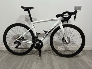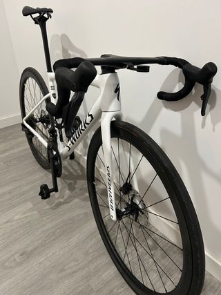 Bicicleta de carretera Specialized Tarmac SL8 en color blanco. Talla 52 Montada en shimano ultegra di2 12v Manillar integrado 420mm ancho, 100mm potencia. Ruedas roval 40mm carbono Dos tijas una de 380 y otra de 300 Bicicleta con solo 5 meses, no mas de 1000kms. Made in Taiwan.
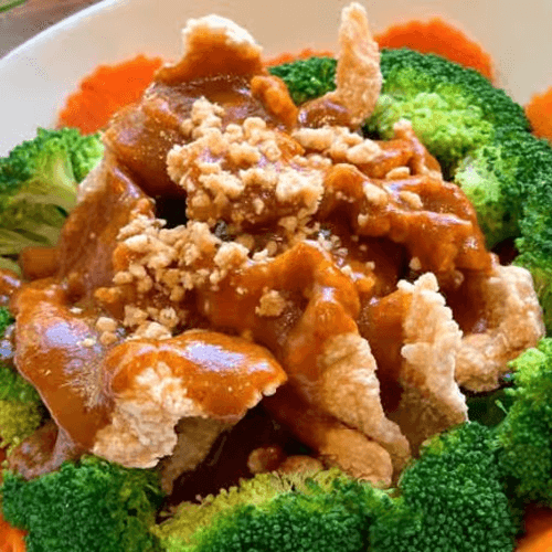 Sauteed sliced meat with garlic pepper sauce come with steamed broccoli and carrot
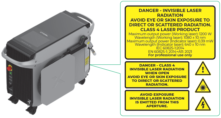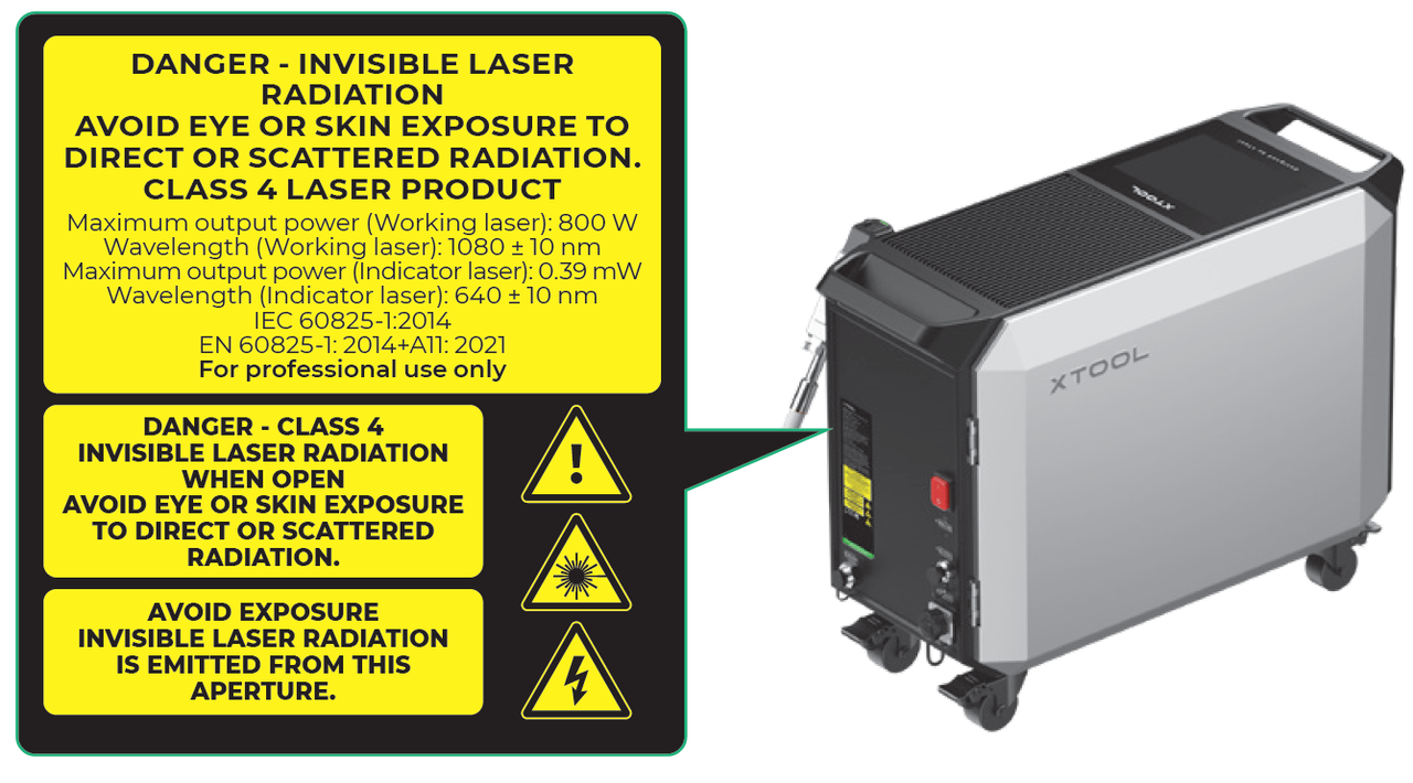xTool MetalFab 激光焊接机被归类为 4 类激光产品。
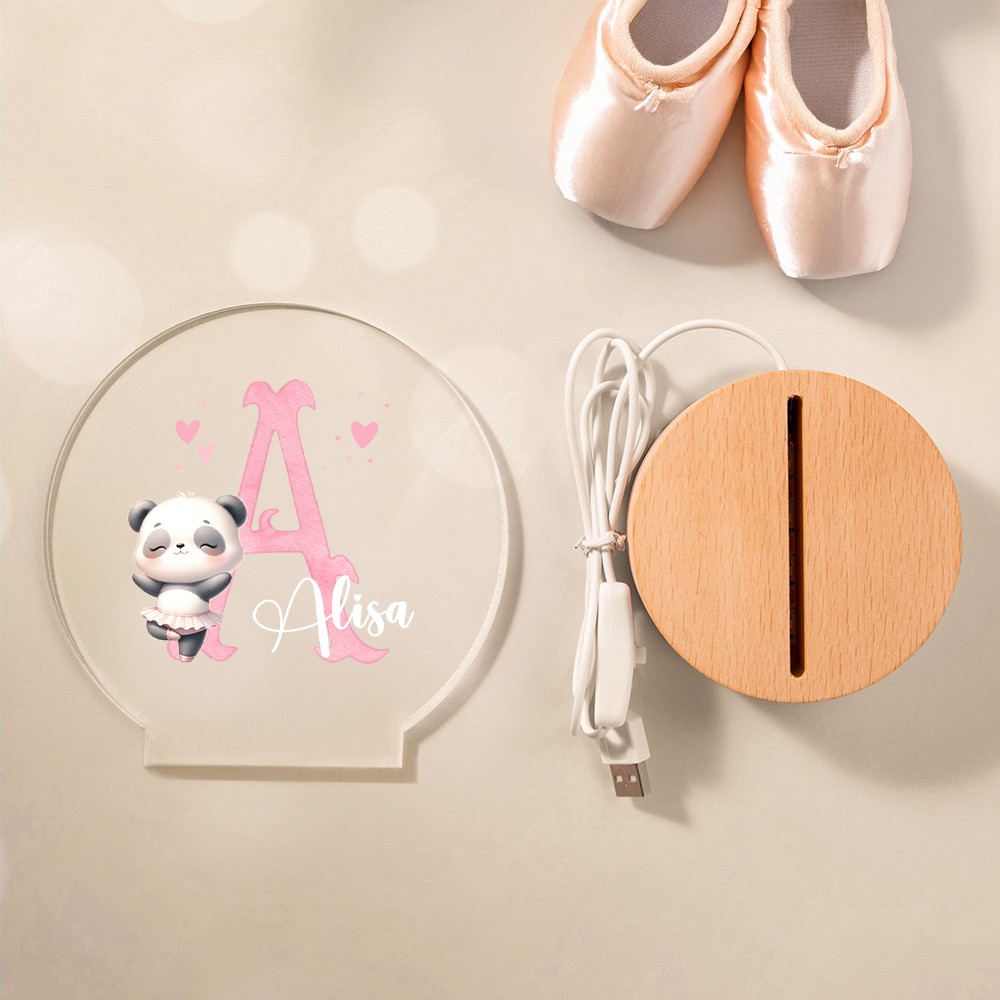 Custom Initial & Name Cartoon Animal Ballerina LED Night Light, Acrylic Night Lamp with Wooden Base, Home Decor, Birthday Gift for Girls/Ballet Lovers
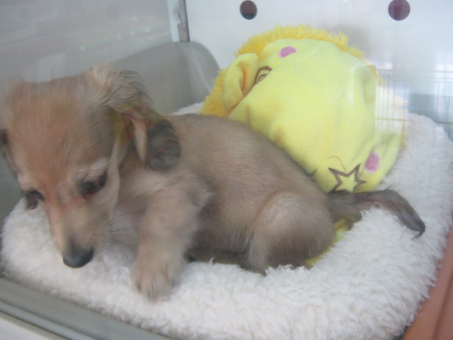 こんにちは、バイトのMです。 松っぁんから投げ付けられた、もとい、手渡されたバトンを持って新入りわんちゃんの紹介です。 ライオンのぬいぐるみと一緒に犬舎デビューを果たした、ミニチュアダックスの女の子。 4月25日生まれで、まだまだ幼い顔つきです。 シェーテッドクリームという、ちょっぴり珍しいカラーです。 濃い茶色と、淡い茶色がとてもキレイ。 お尻の方にもちょっと濃い茶が… 人懐こい性格で、誰とでも仲良くなっちゃいます♪ ちょっと撫でてあげると、すぐにお腹を出しちゃうダッちゃん。 こんなポーズされたら離れられなくなりますね。。。 外は暑いですが、可愛い子が沢山待ってます! 鳥のフード詰め放題も、楽しんで詰めて帰られる方が増えてますよー! 鳥だけでなく、ハムスター・ラット・デグー・シマリスのおやつにも良いかも知れません★(>vの)b これからの時間帯、少し涼しくなればお外にも出易くなりますね。 お店は8時まで開いております。 是非、ご来店ください。
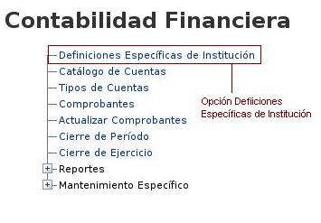 • Por último seleccione la opción Definiciones Específicas de Institución
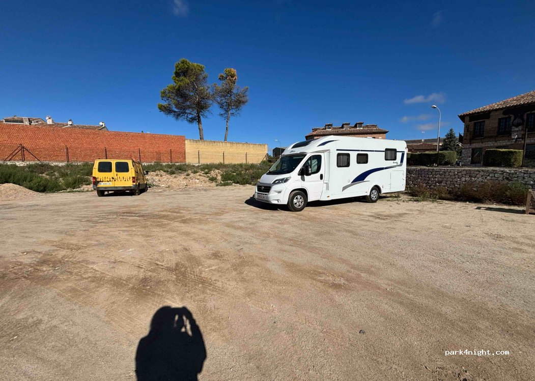 Parking de tierra sin servicios. Algunos baches pero sin problemas para las AC. Tiene iluminación nocturna y es bastante grande, pasamos una noche tranquila. A 10 minutos a pie de la Plaza Mayor.
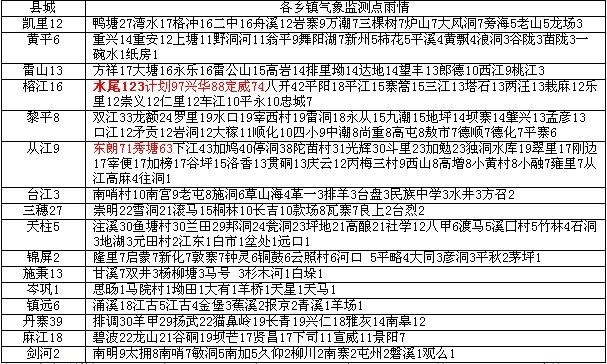 據州氣象局消息 根據全州244個氣象站監測顯示,4月28日14時~29日8時共有243個站點出現降水,其中水尾122.8mm1個站點降大暴雨,計劃96.7mm、興華88.2mm、定威73.6mm、東朗71.4mm、秀塘63.2mm5個站暴雨,15個站大雨,其余小到中雨,大雨和暴雨出現在榕江、從江、丹寨,注意預防都柳江流域暴雨山洪災害。州內10縣市進行防雹作業16次,無冰雹災害。具體雨情見下表及圖1:
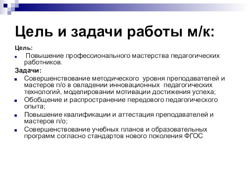 Слайд 4Цель и задачи работы м/к:
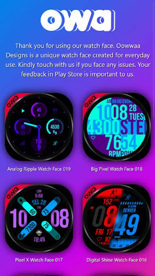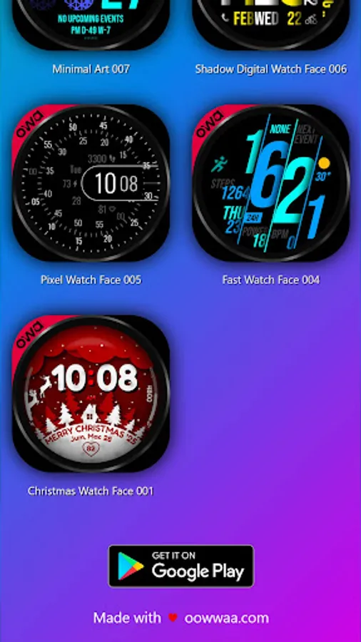 Access all the watch faces from Oowwaa in one place. Download the latest watch faces and free watch faces. Oowwaa Watchfaces is a unique watch face created for everyday use.
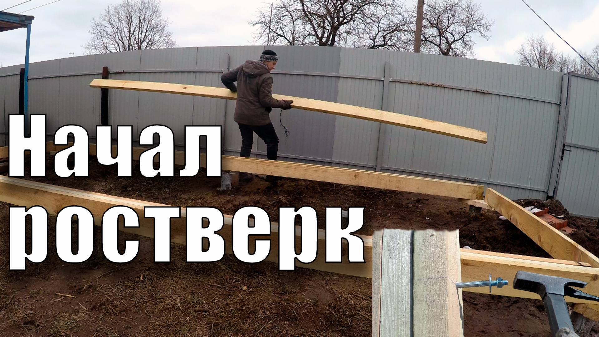 Приобрел адаптер для ручной аккумуляторной пилы. Выпилил доски необходимо размера. Обработал биозащитой. Приступил к сборке ростверка. Установил 4 шпильки. Телеграм канал: https://t.me/koss365_online
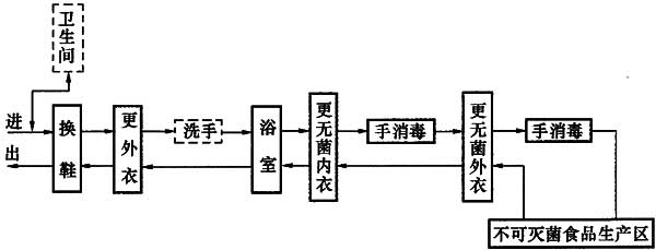 圖5.4.4 不可滅菌食品生產(chǎn)區(qū)人員凈化程序
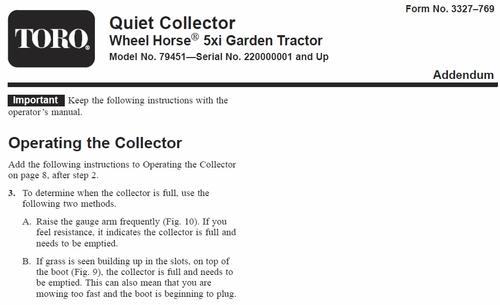 2001 14.0 cu. ft. Quiet Collector Vac Bagger model 79451 Serial 210000001-210999999
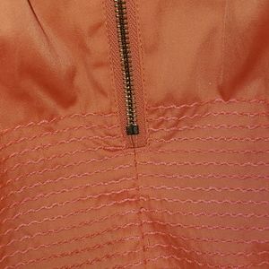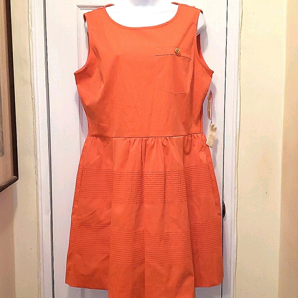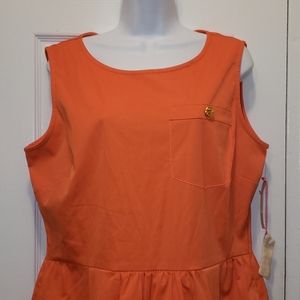 CREMIEUX orange dress. 55 % cotton40% Nylon 5% Spandex. IT HAS SIDE POCKETS! Gold zipper and 1 gold button on faux chest pocket.
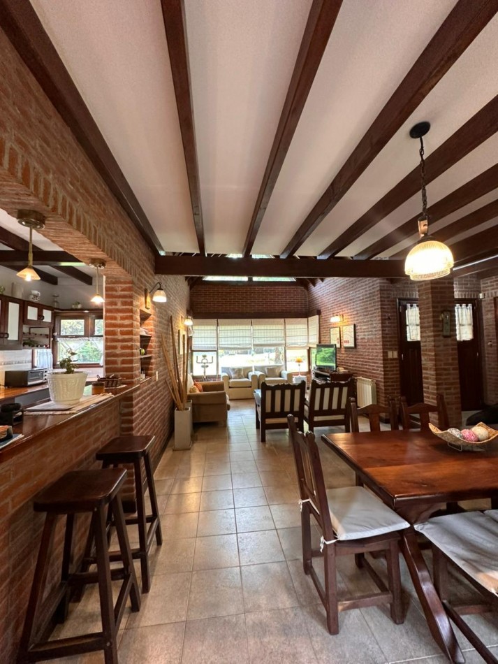 Dispone de 5 ambientes espaciosos, ideales para una familia o para quienes buscan una casa de veraneo cómoda. Su arquitectura combina solidez, estilo rústico y calidez, características muy buscadas en propiedades de la zona.
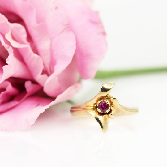 14K Yellow Gold Floral Ruby Solitaire Ring
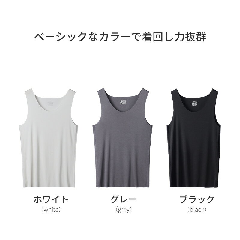■一枚としてもインナーとしても、快適に着られるモダールタンクトップ ベーシックなカラーで着回し力抜群 上質なモダール混素材を使用し、柔らかめの肌触りで着心地抜群。

About this exercise =>
Produce an exact reproduction of the listing above, limited to the lines starting at the line with "Слайд 4Цель и" and ending at the line with "Access all the", both kept, with every picture left out.

Response =>
 Слайд 4Цель и задачи работы м/к:
 Access all the watch faces from Oowwaa in one place. Download the latest watch faces and free watch faces. Oowwaa Watchfaces is a unique watch face created for everyday use.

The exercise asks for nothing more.